A Complex Past and Present

My charge was to respond to the Editor’s Note written by Frank Matthews. The first thing that came into my mind was “Where do I begin?”
It seems to me the relationships between Black women and Black men have always been a bit more complex than the average female-male relationships of other ethnic groups. Considering our history, this is somewhat understandable.
It also has been my observation that Black women are fiercely loyal to Black men — sometimes to their own detriment. For example, many Black women are baffled and hurt, when they see Black men in interracial relationships. They often take it as a personal affront. I don’t think being loyal and supportive of Black men is a “choice” Black women decided to make eons ago, but it’s a feeling that in most cases comes natural. After all, our fathers, brothers and sons are Black, why wouldn’t we want Black men to succeed and be happy?

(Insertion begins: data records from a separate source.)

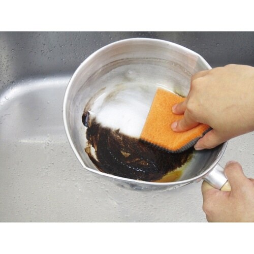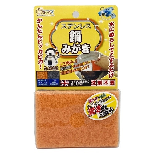 水に濡らしてこするだけでステンレス製品がピカピカになる鍋みがきです。 洗剤不要の研磨材入りで汚れをすっきり落します。 |
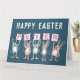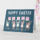 Påskkort för någon med ett namn på 5 bokstäver. Roligt påskkort med illustration av kaniner i rosa och blått. Kaninerna håller upp kort för att stava namnet.
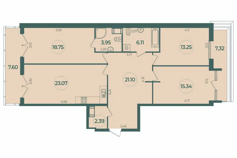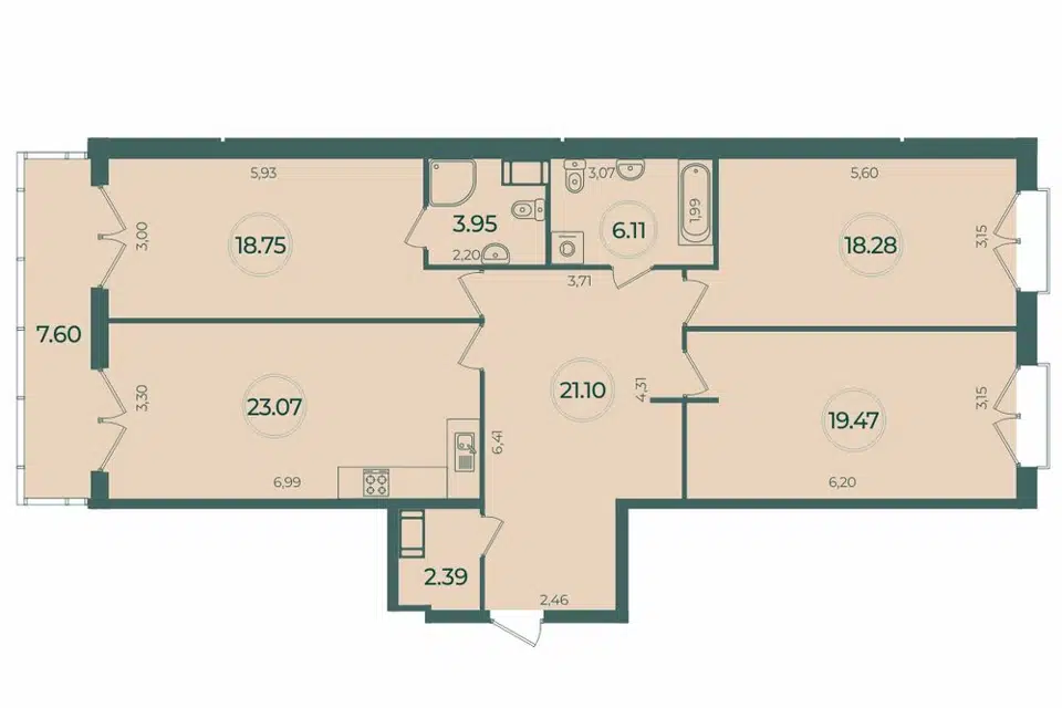 3-комн. кв., 103.31 м², 3/9 этаж

While unconditional love and support is admirable, Black women still need to hold all Black men — our husbands, sons, colleagues, etc. — accountable. Lowering our expectations of Black men does them and the Black community at large a disservice.
While speaking at the Arkansas Black Student Association conference at Arkansas State University earlier this month, the students participated in a “Battle of the Sexes.” This session, complete with a talk-show format and a host, gave the college students an opportunity to present “real-life” scenarios, primarily having to do with female-male relationships. The gender gap was evident in the room — the Black male college students took up one small side of the auditorium and the women took over the remaining space. While I must say all of the college students — both male and female — were quite respectful of each other’s views — many of the male students’ responses to the women’s questions disturbed me. They often admitted that their sometimes less-than-exemplary behavior was the result of “being able to get away with it,” and added that they know women will “take us back” regardless of their behavior. Many of the young women agreed that this was often the case.
The young men’s comments could be attributed to their youth and or being male, and have nothing to do with their ethnicity. But what is disturbing is the young age at which men and women begin to exhibit behavior that inevitably leads to disrespectful and consequently unsuccessful relationships with each other.
By and large, Black women have shown great tolerance in their dealings with Black men. Putting up with “it” from men is I think Black women’s subconscious way of apologizing to Black men for the hardships they have endured and continue to experience. We realize that although we’re of the same ethnicity, there are things Black men will experience that we won’t. There are assumptions people make about Black men, which are often negative, that are not made about Black women.
So in response to Frank’s call for an apology and a renewed commitment from Black men, I think it’s safe to say, “We accept your apology.” Nevertheless, Black men should be reminded that, “Actions speak louder than words.”
This is a special edition of Black Issues in which we highlight the contributions of African American women in higher education. Finding the right approach and angle for this edition was not easy as it’s impossible to profile all Black women in higher education in just one edition. Yet, I’m always excited when we highlight the contributions of women, for obvious reasons of course, but seeing women achieve despite the many obstacles we must often overcome, both professional and personal, is always impressive and most of all, inspiring.